Keep the questions that require specific answers, multi-step reasoning, or comparisons between concepts. A filtered set of 6 good questions beats an unfiltered set of 10 mixed ones.
How to actually use them
Generation is the easy part. The questions only help if you use them under realistic conditions.
Take them timed. Allocate the time the real exam would give per question. Untimed practice teaches recognition, not retrieval under pressure.
No looking up answers. Do the whole set without checking notes. The point of practice questions is to surface what you don't know, which only happens when you can't peek.
Mark up your wrong answers. For each wrong answer, write one sentence about why. Misread the question? Didn't know the concept? Couldn't apply it? Each is a different fix.
Repeat with new questions. A practice question is mostly useful once. Use new sets across the week, not the same 10 questions over and over.
When AI gets it wrong
Two patterns to watch for in advanced or technical subjects:
Plausible but wrong content. AI can generate questions whose answers sound right but aren't, especially in fields with specialized terminology. If you're in a specialty, verify the answer key for important questions.
Drift from the source material. Sometimes the questions wander away from what you pasted in. If the answer references material you didn't include, the AI hallucinated context. Skip those questions or regenerate.
For most undergraduate material, these failures are rare. For graduate-level or highly technical material, they're common enough to filter for.
A weekly practice rhythm
Once you have the workflow:
- Tuesday: Generate 10 questions from the week's lecture material. Take them on Thursday.
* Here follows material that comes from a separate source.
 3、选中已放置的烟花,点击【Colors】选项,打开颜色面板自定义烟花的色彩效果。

- Saturday: Generate 20 mixed questions covering the past two weeks. Take them under timed conditions.
- The week before an exam: Generate two full-length practice tests, take one early in the week and one two days before.
That's enough practice testing to outperform most students who just re-read their notes, and it takes 30 minutes of generation a week.
Questions
- How do I get good practice questions from AI?
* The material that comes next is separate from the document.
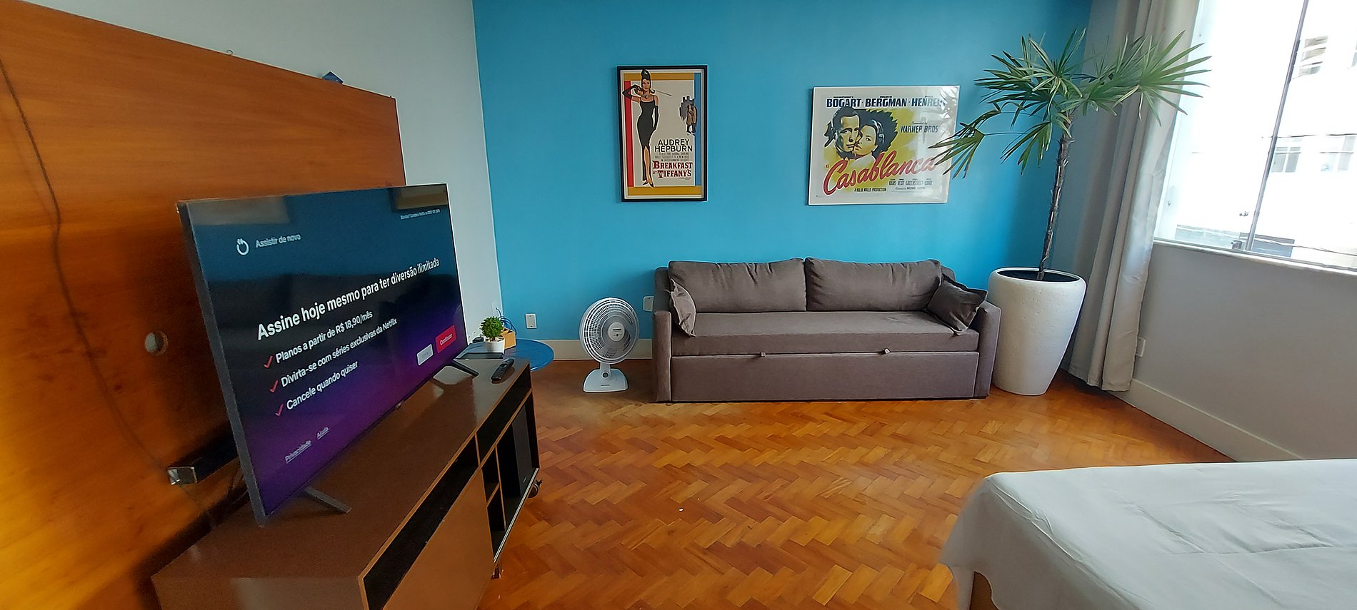 - Sofá-cama de casal, cama de solteiro, rack de madeira com painel e smart TV (sintoniza canais locais), mesa de centro redonda azul, ventilador de teto, ventilador de mesa, cortina blackout

- Specify the format (short answer, multiple choice, problem), the count (10 is a useful default), the difficulty level (introductory, intermediate, advanced), and paste the source material the questions should come from. Vague prompts produce vague questions.
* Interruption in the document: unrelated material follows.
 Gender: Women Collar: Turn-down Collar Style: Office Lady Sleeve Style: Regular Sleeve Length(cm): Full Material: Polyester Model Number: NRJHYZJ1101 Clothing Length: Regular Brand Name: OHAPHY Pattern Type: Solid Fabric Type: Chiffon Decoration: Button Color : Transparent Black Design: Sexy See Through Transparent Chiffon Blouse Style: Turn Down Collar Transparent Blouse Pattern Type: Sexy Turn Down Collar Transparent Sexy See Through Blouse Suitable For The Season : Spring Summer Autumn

- Can AI generate questions in the format of my actual exam?
- Often yes. Show the AI a past exam question and ask it to produce 10 similar questions in the same format. The AI is good at pattern matching; clear examples beat clear descriptions.
- What's the worst kind of AI-generated question?
- Vague questions ('Explain Newton's laws') and overly easy questions that test recognition rather than recall. Filter these out. Keep questions that require specific answers, multi-step reasoning, or comparison between concepts.
- Should I take AI-generated practice tests timed?
- Yes. The point of practice questions isn't to read them; it's to attempt them under conditions that resemble the real exam. Untimed practice teaches you to recognize answers, not to retrieve them under pressure.
- Can AI grade my answers?
- For factual short-answer questions, fairly well. For essay-style or multi-step problems, AI grading is decent at catching obvious errors but should not be trusted for nuanced evaluation. Use AI grading as a first pass; review for important questions yourself.